Receptor binding studies with the insulin receptor in membranes of human IM-9 lymphocytes (containing only human IR-A isoform) were performed and Kd values determined according to the procedure described recently in detail by Morcavallo et al.51. Binding data were analyzed using the Excel algorithms specifically developed for the IM-9 cells system in the laboratory of Prof. Pierre De Meyts (A. V. Groth and R. M. Shymko, Hagedorn Research Institute, Denmark, a kind gift of P. De Meyts) using a method of non-linear regression and a one-site fitting program and taking into account potential depletion of free ligand. Each binding curve was determined in duplicate and the final dissociation constant (Kd) of an analogue was calculated from at least three (n ≥ 3) binding curves (Kd values) determined independently. The dissociation constant of human 125I-insulin was set to 0.3 nM.

Mouse embryonic fibroblasts (human IR-B isoform)

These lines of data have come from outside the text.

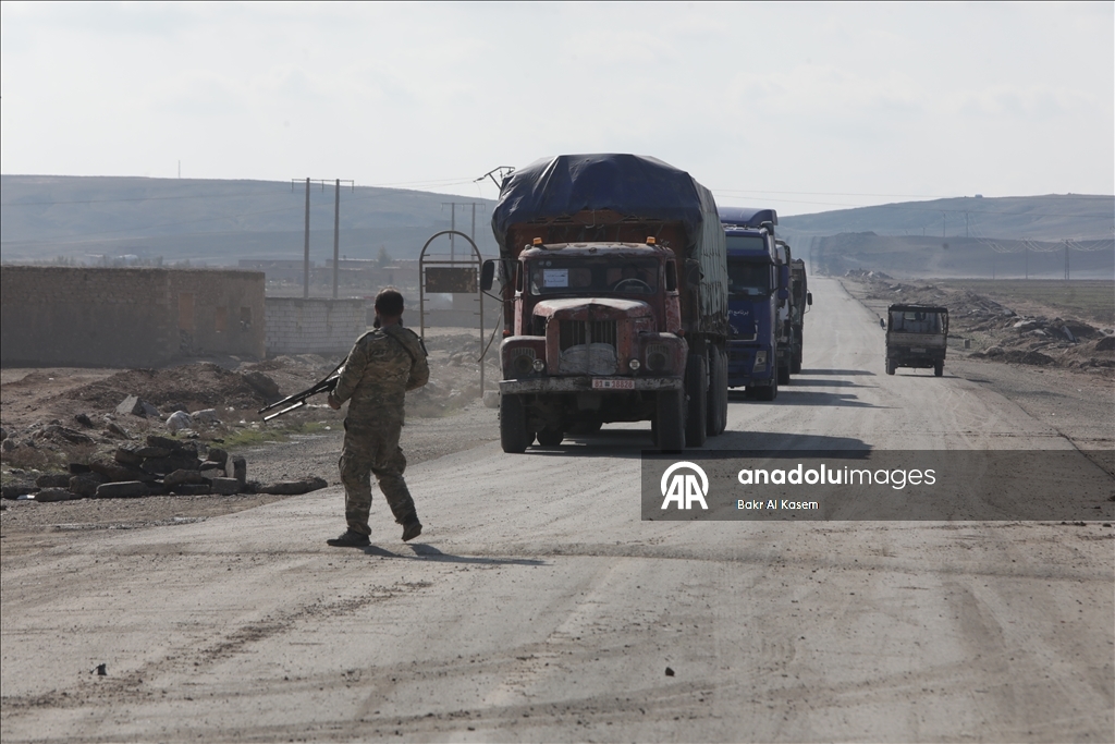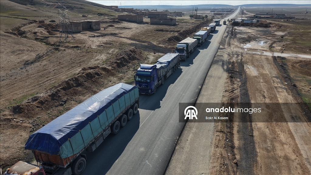 BM araçlarının eşlik ettiği 23 kamyonluk gıda malzemesini Kamışlı'ya ulaştıran yardım tırları, terör örgütü YPG'nin işgalindeki bölgelerden geçerek Suriye hükümetinin kontrolündeki bölgelere doğru hareket etti. Aynı şekilde, başkent Şam'dan yola çıkan 10 gıda yüklü yardım tırı BM eşliğinde YPG'nin işgalindeki Haseke, Kamışlı hattına doğru ilerledi.
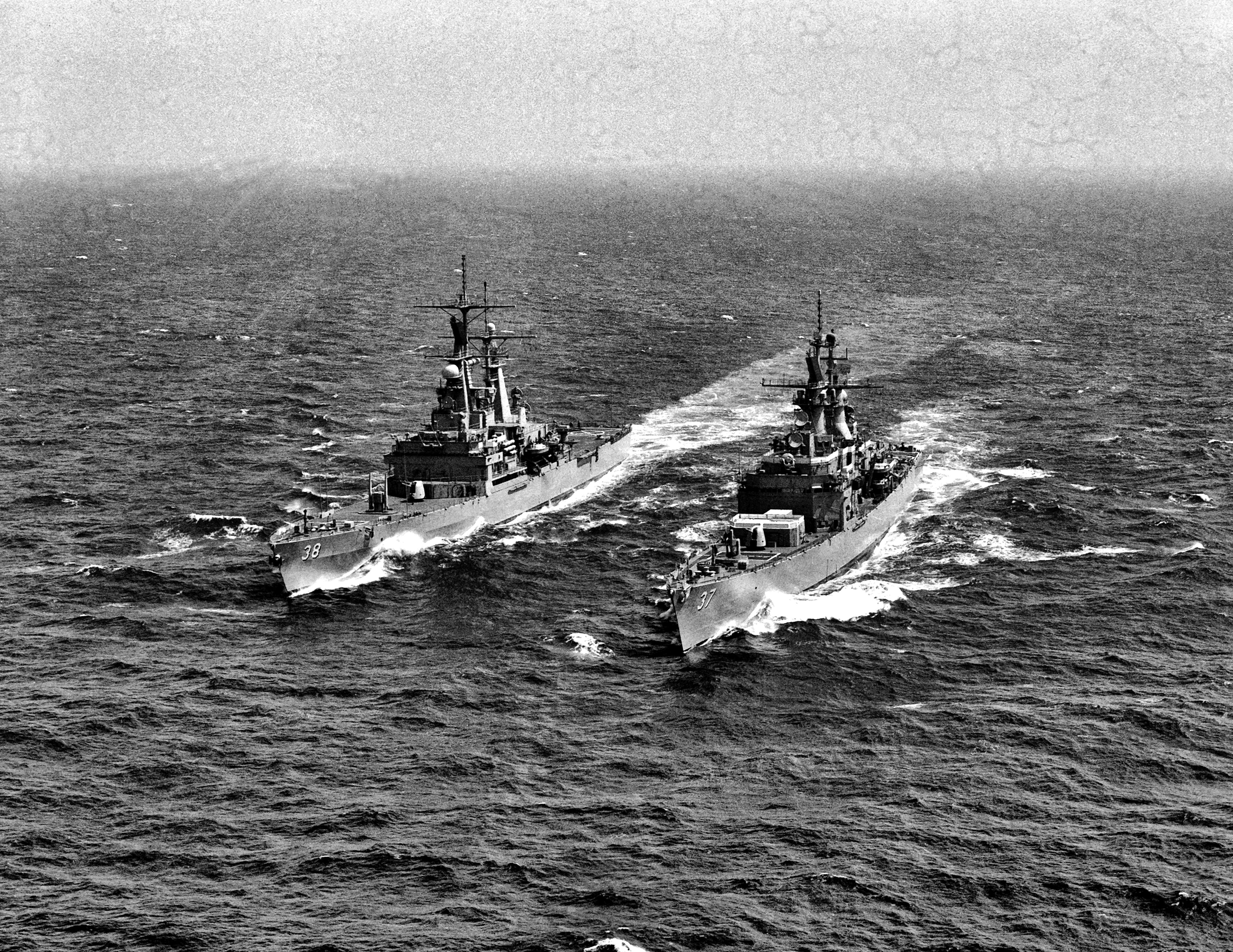 Task Group from 1976 with South Carolina (CGN 37) (top), Nimitz
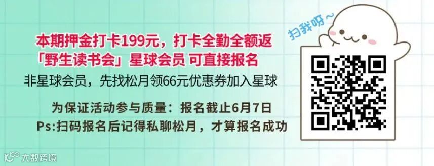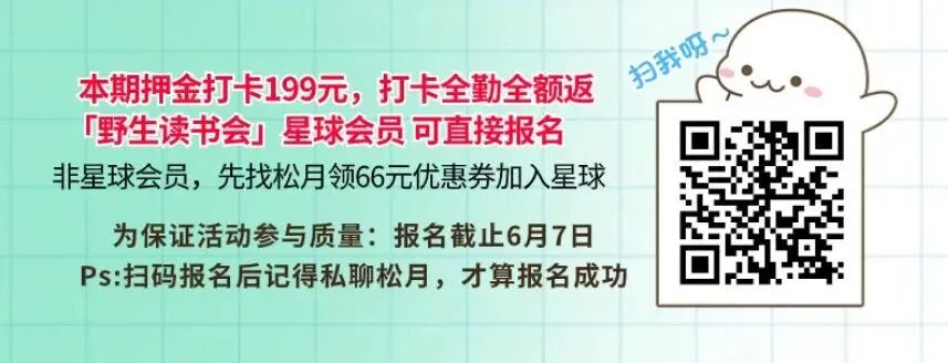 ①「野生读书会」知识星球会员,直接扫码报名,然后私聊松月,报名截止今天中午12点;
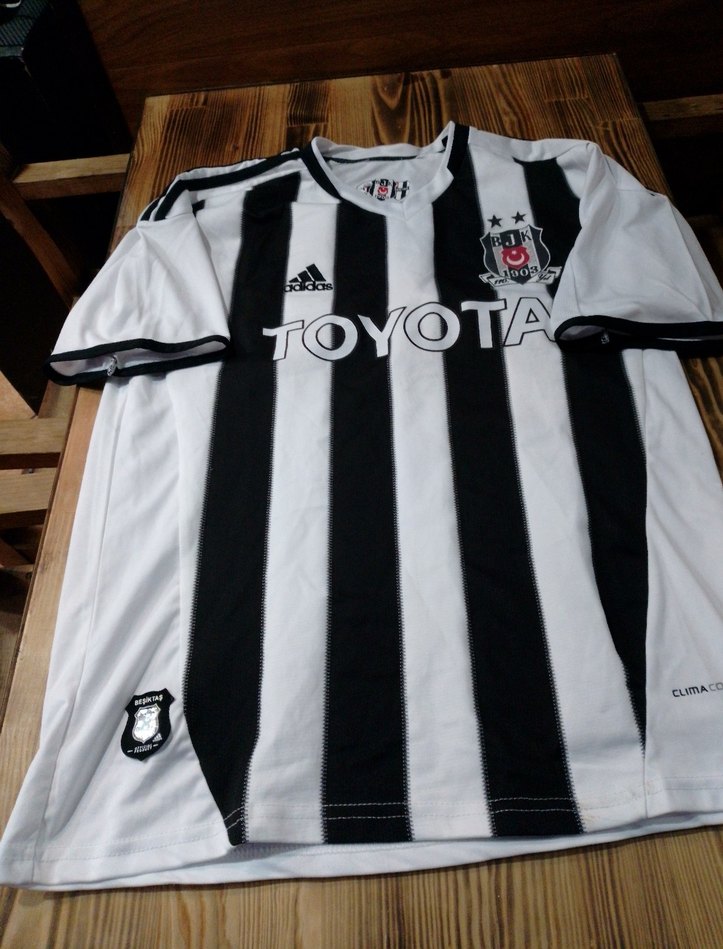 Kısa kollu, bisiklet yaka ve baskılı siyah-beyaz dikey çizgili fit kesim erkek forma. "TOYOTA" logosu ve spor amblemi içerir, sentetik kumaştan yapılmıştır. ⚽
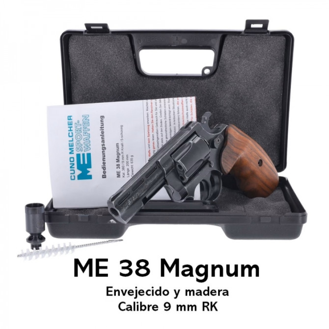 Leopard, armería deportiva con más de 40 años de experiencia, sigue actualizando el catálogo de pistolas y revólveres de fogueo, en este caso es un revólver fabricado por la empresa alemana Cuno Melcher ME, modelo 38 Magnum Envejecido/Madera 380/9 mm. El aspecto es muy realista, con un peso de 635 g y un cañón de 80 mm. Calibre: 380/9 mm.
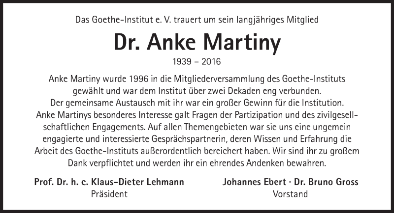 Hier finden Sie alle Traueranzeigen aus der Zeitung, die bisher für Anke Martiny erschienen sind. Weitere Traueranzeigen, die in der Zeitung erscheinen, werden hier ebenfalls aufgelistet
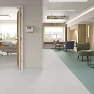 The next generation of Vinyl Safety Floor was more desirable from a design point of view, bringing it into more common commercial spaces like health care. By imbedding slip resistant particles like aluminum oxide that are almost invisible to the naked eye, safety floors were developed with a clear wear layer over printed visuals such as wood or stone looks. The floors have a more decorative appearance while maintaining the sustained slip resistance for underfoot safety. Manufacturers also developed products with special surface textures that can be used in barefoot areas like showers and around pools. Most recently, the Safety floor market has taken a step even further with the inclusion of colored quartz particles that are closely matched to the base color. These floors have the look of a smooth vinyl, with wide ranges of colors that are highly decorative but easy to clean and still very slip resistant when wet.
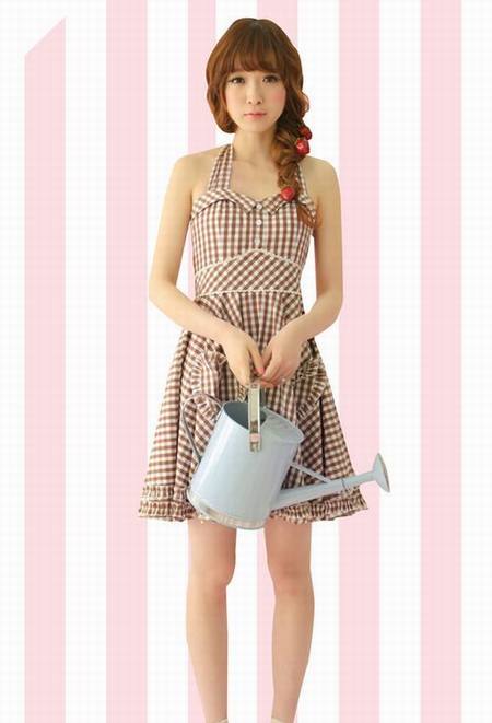 甜美的木耳边围绕着心形的口袋,满是公主的可爱气息,素雅的格子呈现稍许的英伦格调哦。
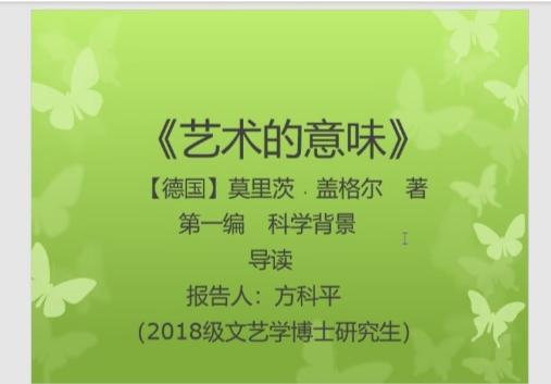 2020年4月30日,第153场博士学术报告以《莫里茨·盖格尔<艺术的意味>第一编导读》为题,由文艺学博士研究生方科平主讲。方科平的报告主要分为三部分,即作者及著作简介、文献选读、解说三部分。方科平首先简单介绍了“现象学”的概念,接着他在报告中指出盖格尔通过现象学还原把握住了审美价值所归属的“现象”,通过本质还原把握到了审美价值的“本质”,价值论美学的确立和现象学方法的运用在这里得到了有机的结合,最后他从对事实论美学的分析和批判、审美对象与先验还原、审美对象与本质直观三个方面进行了文本的解说。
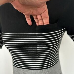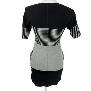 Theory Women's S Pelloa Engineered Tee Dress B&W Stripe Pockets EUC
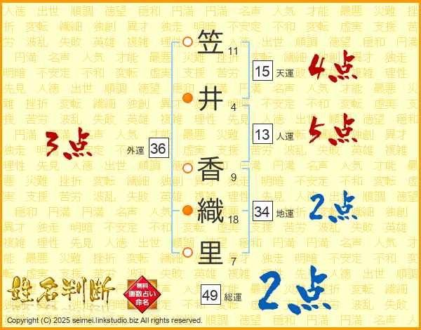 笠(11画)井(4画) 香(9画)織(18画)里(7画)
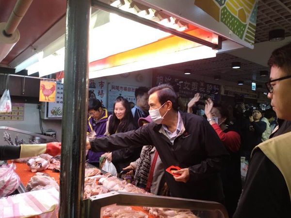 馬英九到住家附近的興隆市場發(fā)春聯(lián)。(圖片來源:臺灣“中時電子報”)
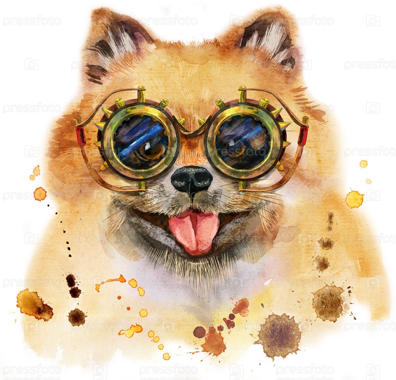 Милая собака. Графика на футболках с собаками. акварель померанский шпиц иллюстрация
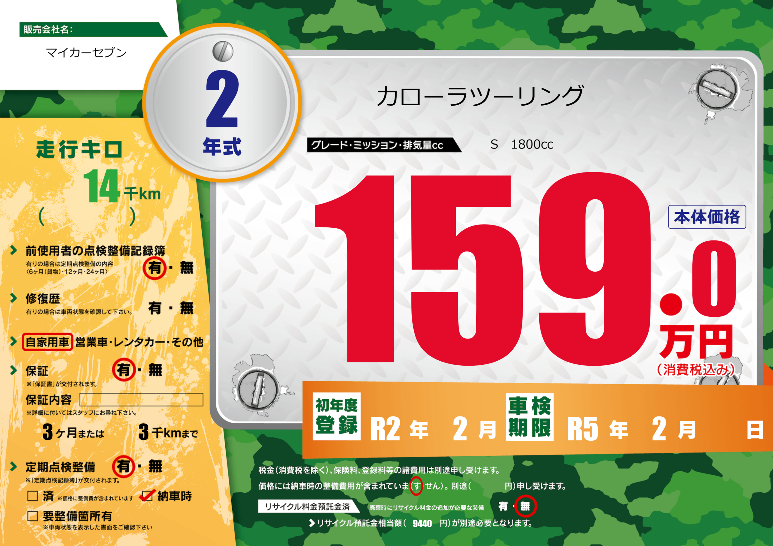 あり | 車検制限 | R5年2月---月 |

Receptor binding studies with the insulin receptor in membranes of mouse embryonic fibroblasts derived from IGF-1 receptor knock-out mice and that solely expressed the human IR-B isoform were performed as described in detail previously19. Binding data were analyzed and the dissociation constant (Kd) was determined with GraphPad Prism 5 software using a method of non-linear regression and a one-site fitting program and taking into account potential depletion of free ligand. Kd values of analogues were determined by the same procedure as for IR-A. The dissociation constant of human 125I-insulin was set to 0.3 nM.

Mouse embryonic fibroblasts (human IGF-1R)

Receptor binding studies with the IGF-1 receptor in membranes of mouse embryonic fibroblasts derived from IGF-1R knock-out mice and transfected with human IGF-1R were performed as described previously52. Binding data were analyzed and the dissociation constants determined by the same method as for IR-B. The dissociation constant of human 125I-IGF-1 was set to 0.2 nM. Mouse embryonic fibroblasts expressing human IR-B or IGF-1R were a kind gift of Prof. Antonino Belfiore (University of Magna Grecia, Catanzaro, Italy) and Prof. Renato Baserga (Thomas Jefferson University, Philadelphia, PA, USA).

Additional Information

Accession codes: Atomic coordinates and experimental data sets have been deposited in PDB under following accession codes: 5boq—analogue 2; 5bpo—analogue 10; 5bqq—analogue 11, 2n2v (pH 1.9) and 2n2w (pH 8)—analogue 8; and 2n2x (pH 1.9)—analogue 12. Assigned chemical shifts for the solution structures were deposited in BMRB under following codes: 25613 (pH 1.9); 25614 (pH 8)—analogue 8; and 25615 (pH 1.9)—analogue 12.

How to cite this article: Viková, J. et al. Rational steering of insulin binding specificity by intra-chain chemical crosslinking. Sci. Rep. 6, 19431; doi: 10.1038/srep19431 (2016).